Even in light of the above mentioned concerns, the conclusion that
Complainant's claim comes within the purview of the Clean Air Act may also be supported under
the test articulated in Minard v. Nerco Delamar Co., Case No. 92-SWD-1 (Sec'y Jan. 25,
1994) that Complainant reasonably believed Respondent violated the Clean Air Act.
50 In Reid, the Secretary
rejected the "economic realities" test and held that Darden was not controlling
law, however, it was appropriate to apply to the environmental statutes at issue, including the Clean
Air Act. ButseeCoupar v. U. S. Dept. of Labor, 105 F.3d 1263, 1265
(9th Cir. 1997)(Using the "economic realities" test, a federal inmate who filed
whistleblower complaints against Federal Prison Industries, Incorporated was not an employee
within the employee protection provision of the Clean Air Act.)

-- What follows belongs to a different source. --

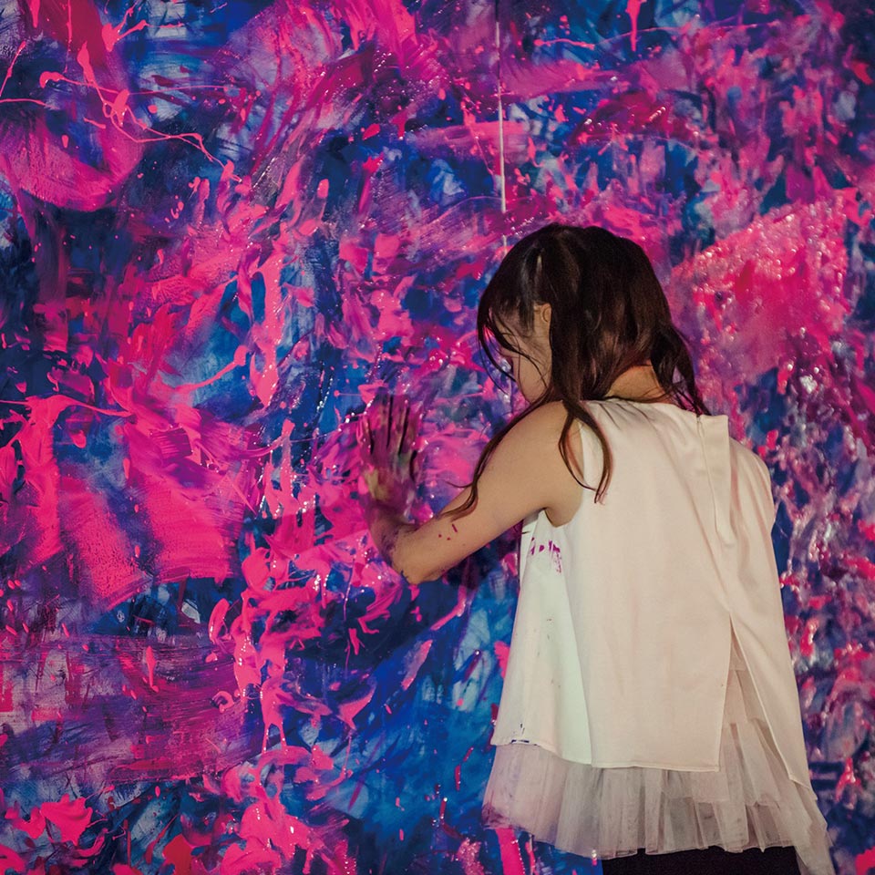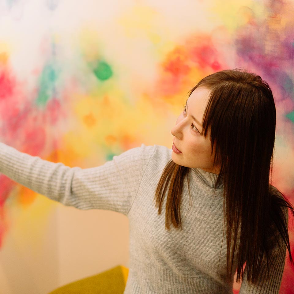 昨年行われた別所温泉芸術祭。ライブペイントは、真っ白なキャンパスから一つの作品が完成する工程を目の前で体験できるところに面白さがあると思っています。絵の具をどうのせていくかは決めていなくて、音楽やその時々で変わっていきます。まさに秒刻みの戦いです。だから私が作品を目にするのは、描き終えて観客の皆さんにご挨拶して、振り返った時が初めてなんです。「おぉ、こうなったか」と自分でも驚く瞬間ですね。

51 These benefits include health
insurance, life insurance, personal accident insurance, and disability insurance. (RX-34).
52 Although Ms. Villerreal testified
that she believed Complainant was performing poorly at work due to her absenteeism, about which
Complainant did not inform Ms. Villerreal, she further testified that Complainant was not required
to inform her of any scheduled or extended leave time.
53 I further find that the badge and
parking decal issued to Complainant did not provide her with security clearance to classified
material. (See CX-5; CX-65a, pp. 27-28). Instead, Complainant's name was placed on the
visitors' list which allowed Complainant access to Respondent's Johnson Space Center. (RX-34;
CX-65a, pp. 27-28).
54 Ms. Kramer testified that she
did not instruct Mr. Kitterman or Mr. Hite to discipline Complainant, but to remove her from access
to flight hardware. Mr. Hite testified that he was never instructed to remove Complainant from
access to the medical hardware. Although the record contains this discrepancy, the record is devoid
of evidence demonstrating that Respondent directed Martin Marietta to discipline Complainant.